Maybe Juhl fought Babies because he felt left out – it came from Manhattan, which he didn’t write, and the script for MB was written entirely by Jeffrey Scott, an animation writer who had written Superfriends and Ducktales. And maybe Oz’s current comments about Jason Segel’s The Muppets comes from the same place. Oz told the British Metro that he turned down the script because he didn’t think “they respected the characters.” The same problem he had with the original Manhattan script, and the same thing he said could only be done by Juhl. But we must remember that Hollywood gossip rags blow every hint of conflict way out of proportion – Oz politely turned down a job, he didn’t write a manifesto. Most of the paraphrases attributed to him on the Internet are malarkey.

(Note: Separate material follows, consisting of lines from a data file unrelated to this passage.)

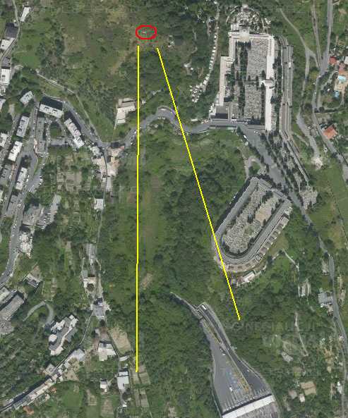 in alto il circolo rosso inquadra il bunker mentre le due righe gialle indicano + o - il campo che avrebbe potuto coprire .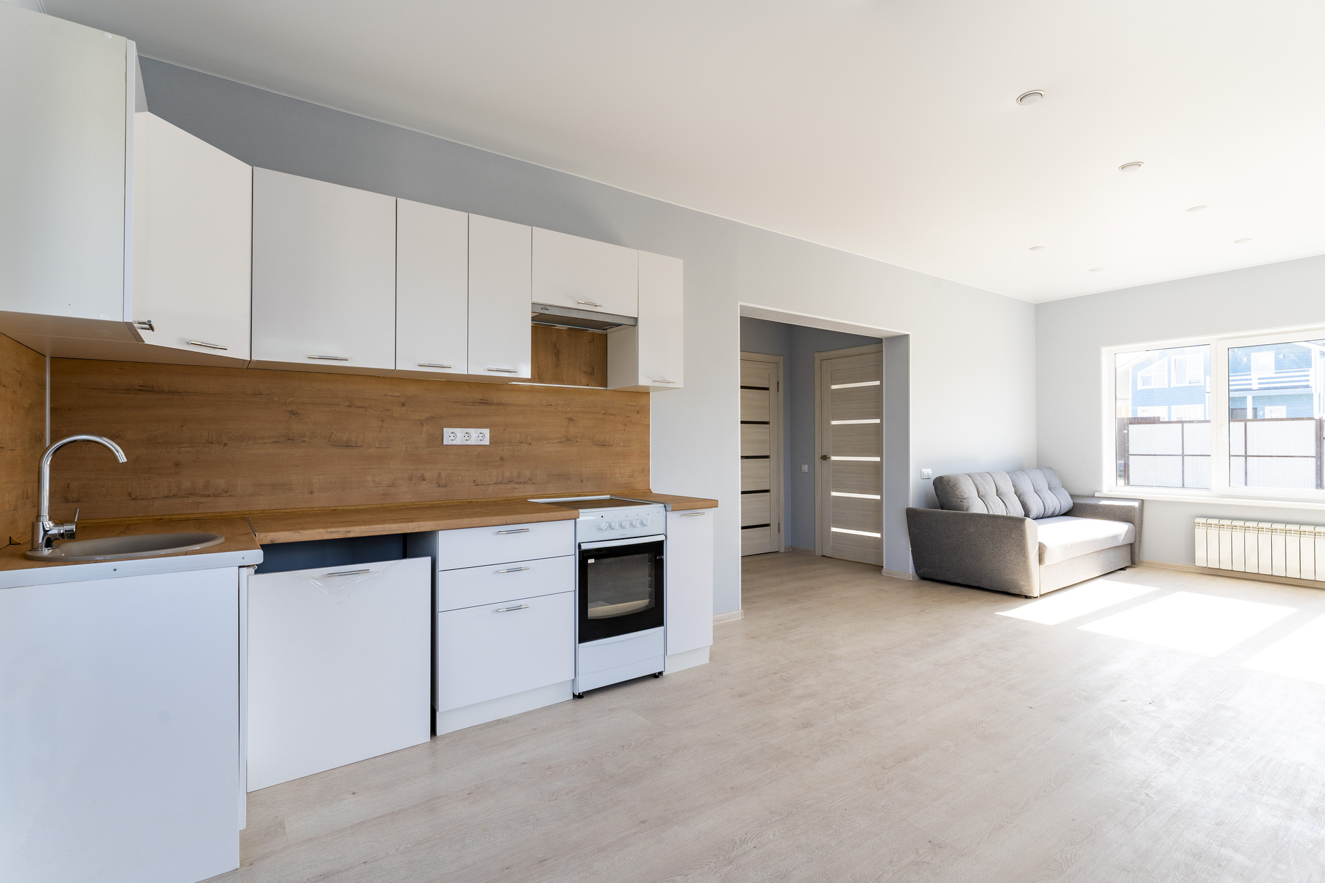 • полностью оборудованная кухня с встроенной варочной панелью и встроенным духовым шкафом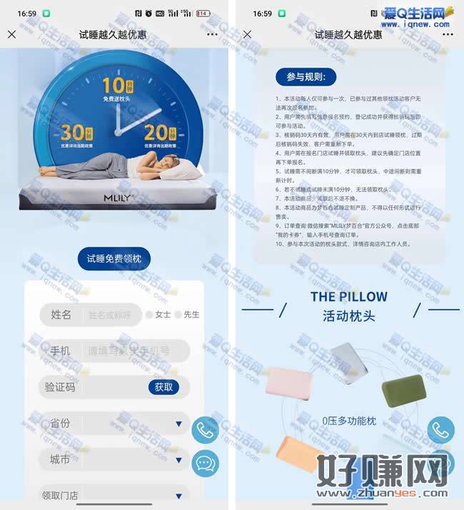 需要到点试睡领枕头,你报名的时候就会显示这个门店还有多少枕头

But they have a point. Muppet writing is very hard to do. Many people mistakenly think that what children’s entertainment lacks is “edge.” When Disney acquired Pixar, they asked for “edgy” revisions in the Toy Story script. As told in The Pixar Story documentary, they almost ruined it, until Lassetter decided to ignore Disney and do it his own way. Muppet Babies lacks something, but it’s not “edge.” It’s Jerry Juhl.
Jason Segel’s The Muppets aims to capture a new audience: the 0-12 year-olds who haven’t seen a Muppet movie in theaters. Manhattan and Babies succeeded in this because they didn’t alienate the base – viewers knew the babies were separate from the Muppets. And they knew the Muppets didn’t really go to Broadway, they were just acting in someone else’s movie…
As Oz said of Juhl, “He was brilliant because he could be funny but not nasty.” And Henson was repeatedly called kind and sweet—adjectives that are not particularly edgy or masculine. People think adults want edge, but what they really want is wittiness. not hardness. The strength to be kind. Big Bird may be silly, but he became a goodwill diplomat to Communist China back in 1983. Sweetness may not seem ruggedly American, but in a post-industrial economy, narratives of hope are probably America’s best national export. Where would America be (competitively) without Kermit, Mickey, and Woody? Ironically America’s superman may be our most gentle.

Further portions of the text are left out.